CVE-2024-39178

Vulnerability

Overview

CVE-2024-39178 affects the MyPower vc8100 router firmware version V100R001C00B030. The vulnerability is an arbitrary file read issue caused by insecure permissions in the /tcpdump/tcpdump.php?menu_uuid component. The script fails to properly restrict the files that can be accessed via the menu_uuid parameter, allowing an attacker to read arbitrary files on the device's filesystem [1].

Exploitability

The attack vector is through HTTP requests to the vulnerable endpoint. The prerequisites for exploitation are low; no authentication is required, and the attack can be performed over the network.

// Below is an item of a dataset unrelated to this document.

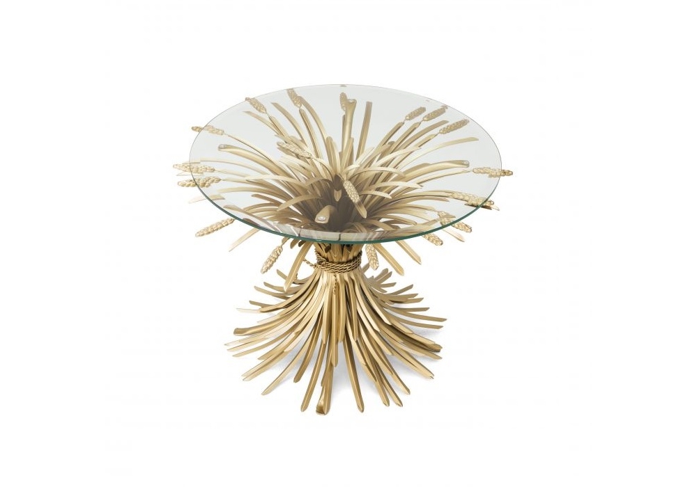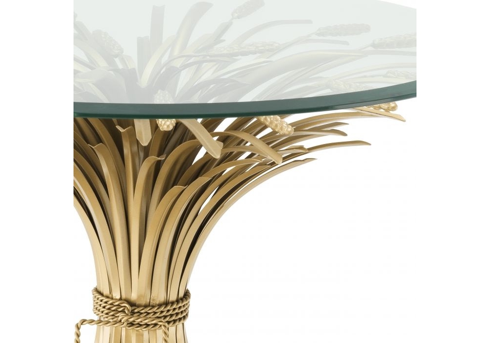 Side Table Bonheur von Eichholtz entworfen, ist ein Beistelltisch aus Eisen mit Antikgold-Finish, bestehend aus einer Basis in Form eines Bündels Gras und Stacheln und einer Platte aus abgeschrägtem transparentem Glas. Erhältlich in verschiedenen Größen.

An attacker simply sends a crafted request to /tcpdump/tcpdump.php?menu_uuid with a path traversal sequence or absolute path to read sensitive files [1]. This makes the vulnerability easy to exploit remotely without needing prior access.

Impact

Successful exploitation allows an unauthenticated remote attacker to read any file on the device that the web server process has access to. This includes sensitive configuration files, credentials, or other system data, potentially leading to further compromise of the device or network [1].

Mitigation

As of the publication date (2024-07-05), no official patch has been announced. The vendor has not released a fix, and the device may be end-of-life or unsupported. Administrators should consider restricting network access to the management interface, applying virtual patching via Web Application Firewalls, or replacing the device if possible [1].